Applicants will have obtained a Master degree (or equivalent) in Geosciences or Earth Sciences with an interest in Palaeontology, Planetology or Astrobiology. Experience with numerical modelling, mathematics or programming language (e.g. Python, C++) are required.
As the PhD will be conducted between France and the Department of Earth Sciences at the University of Cambridge, applicants should at least have an excellent English level.
Master Degree in Geosciences or Earth Sciences with an interest in Palaeontology, Planetology or Astrobiology. Experience with numerical modelling, mathematics or programming language (e.g. Python, C++) are required. A minimum of 4 months training in a research laboratory.
This PhD research will be conducted in close collaboration with Prof. Neil S. Davies, Professor at the Department of Earth Sciences at the University of Cambridge. The candidate must be willing to travel to Cambridge, UK, in order to work with Prof. Neil S. Davies.
The PhD student will also occasionally travel to Toulouse, France, to collaborate with (i) the LEFE laboratory that will conduct experiments under controlled conditions related to the formation of MISS (F. Julien, Dr. J. Leflaive and Dr. S. Boulêtreau); (ii) the GET laboratory for geochemical analyses on rock samplings (Dr. J. Darrozes); and (iii) with the IRAP laboratory that oversees the ChemCam and SuperCam cameras on the Mars rovers Curiosity and Perseverance (Dr. O. Gasnault, Dr. W. Rapin and Dr. S. Maurice).

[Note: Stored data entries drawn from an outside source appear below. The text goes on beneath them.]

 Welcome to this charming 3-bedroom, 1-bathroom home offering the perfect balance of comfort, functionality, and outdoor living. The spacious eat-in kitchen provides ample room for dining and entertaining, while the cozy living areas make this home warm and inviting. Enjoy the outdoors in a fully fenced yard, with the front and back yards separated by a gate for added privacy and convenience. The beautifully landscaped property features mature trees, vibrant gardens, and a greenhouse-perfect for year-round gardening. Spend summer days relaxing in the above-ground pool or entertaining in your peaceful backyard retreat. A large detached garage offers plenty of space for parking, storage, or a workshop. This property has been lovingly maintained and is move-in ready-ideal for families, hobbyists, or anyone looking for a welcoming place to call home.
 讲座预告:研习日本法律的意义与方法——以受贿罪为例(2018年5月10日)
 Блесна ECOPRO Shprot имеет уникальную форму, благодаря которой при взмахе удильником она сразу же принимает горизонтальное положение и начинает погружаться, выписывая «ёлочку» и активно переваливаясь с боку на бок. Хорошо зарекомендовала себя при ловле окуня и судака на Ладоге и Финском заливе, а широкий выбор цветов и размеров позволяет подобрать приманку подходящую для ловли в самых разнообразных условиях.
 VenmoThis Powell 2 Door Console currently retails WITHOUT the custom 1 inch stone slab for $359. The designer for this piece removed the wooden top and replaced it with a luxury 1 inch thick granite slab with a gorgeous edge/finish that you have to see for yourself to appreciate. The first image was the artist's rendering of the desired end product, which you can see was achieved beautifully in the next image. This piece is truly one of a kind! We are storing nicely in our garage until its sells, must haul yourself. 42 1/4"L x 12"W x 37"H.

Clermont Auvergne University, Clermont-Ferrand, France and its Clermont Auvergne Project Graduate School (CAP GS) programme offer a PhD opportunity that will be conducted in partnership between Clermont Auvergne University and a foreign research Institution. The associated Changing Environments Graduate Track presents two PhD proposals published on EURAXESS, of which one only will be funded. The selection process will take all applications into consideration. The best fitting candidate will be invited to an audition end of June / beginning of July. The laureate will do her/his research on the selected topic at the PhD supervisor’s research laboratory at Clermont Auvergne University in Clermont-Ferrand.

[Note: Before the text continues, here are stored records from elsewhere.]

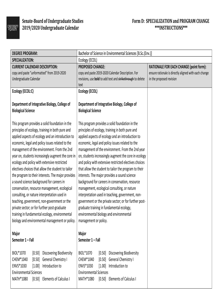 Skateboard of Undergraduate Studies 2019/2020 Undergraduate CalendarForm D: SPECIALIZATION and PROGRAM CHANGE ***INSTRUCTIONS***DEGREE PROGRAM: SPECIALIZATION: CURRENT CALENDAR DESCRIPTION:Bachelor
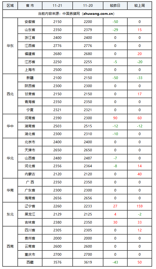猪价下跌地区(13个):山东省、浙江省、江苏省、新疆维吾尔自治区、上海市、甘肃省、河南省、湖南省、河北省、北京市、山西省、辽宁省、黑龙江省;下跌区间:0.01-0.11元/公斤;
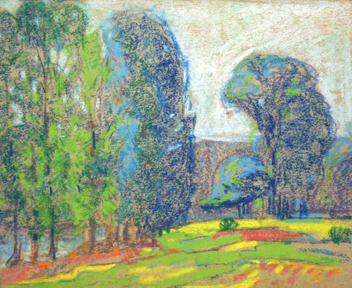 In the 1920s, Albert Krehbiel became a leading figure of the Chicago Art Institute Summer School of Painting (later named Ox-Bow) in Saugatuck, Michigan. The school, founded in 1910 by a group of Chicago artists led by Frederick Fursman, became a popular destination for artists and students throughout the Midwest. Krehbiel became an influential instructor at the school from 1926 through 1932. In 1934, he founded his own art school in Saugatuck, named The AK Studio. Much of Krehbiel’s artwork completed in Michigan throughout the 1920s and 30s is best expressed in his numerous pastels. Absorbed with his classes and teachings during the summer sessions, he often had little time to complete large canvasses. He enjoyed the freshness and portability of working with pastels. These works, frequently completed in early morning or late afternoon, often depict serene sunlit views of the Kalamazoo River and the rolling landscape surrounding Saugatuck.
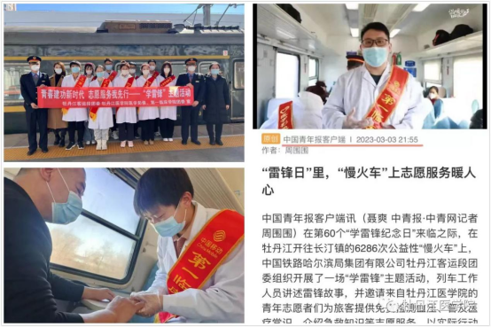 医学影像学院、第一临床医学院团委的志愿者服务队与中国铁路哈尔滨局集团有限公司牡丹江客运段团委联合开展了一场“学雷锋”主题活动,志愿者们分别来到了中国铁路4065次、4066次列车上,他们结合平时所学,为车上的乘客普及医疗常识,重点介绍了急救及高血压等疾病的预防和应对办法,用实际行动弘扬雷锋精神,传播正能量。本次活动受到社会或相关媒体关注,中国青年报客户端进行了报道。
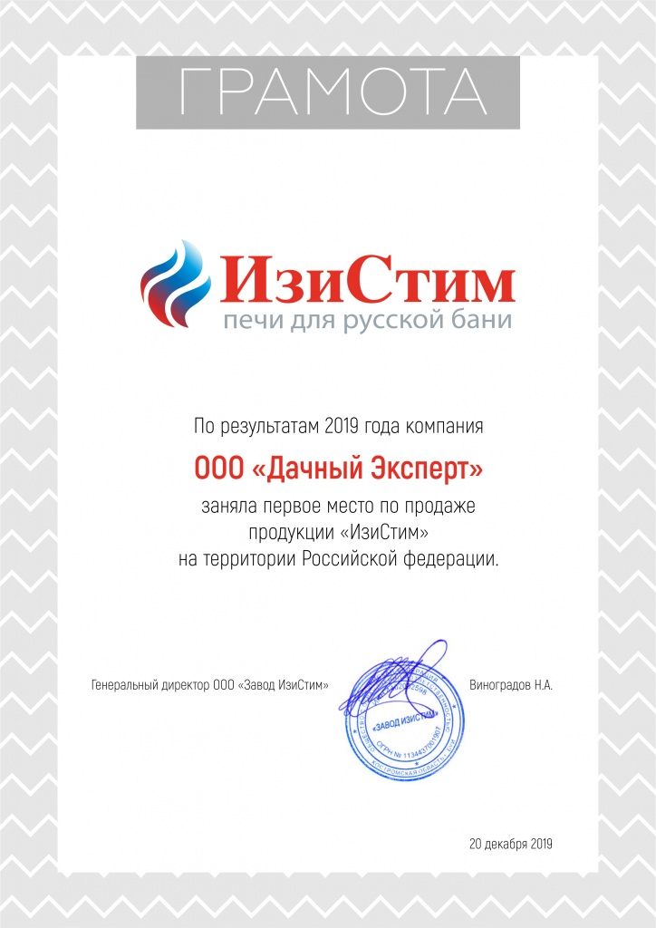18. 2019 год - первое место по продаже продукции, печей "ИзиСтим" на территории Российской Федерации

Applicants who have earned their higher educational qualifications outside Europe or in Greece must attach to their application a certificate of equivalence of the diploma (Master degree). The certificate can be obtained following the procedure indicated here: https://phoenix.ciep.fr/inscriptions/
Application deadline: Friday April 28th 2023, 5 pm Paris time, 2023. Applications arriving after the application deadline will not be taken into consideration.
Applications should include a cover letter indicating your motivation and relevant research experience, a detailed curriculum vitae, academic transcripts and contact information for at least two referees. Please send the application via Email to : Dr. Dov CORENBLIT (firstname.lastname@example.org), Prof. Johannes STEIGER (email@example.com) and Prof. Neil S. DAVIES (firstname.lastname@example.org).
PhD studies will start in November 2023. A salary will be paid for 3 years (36 months), covering Social Security. Additional funding of 15,000 euros for travel expenses between Clermont-Ferrand and the foreign cosupervisor’s research laboratory is available.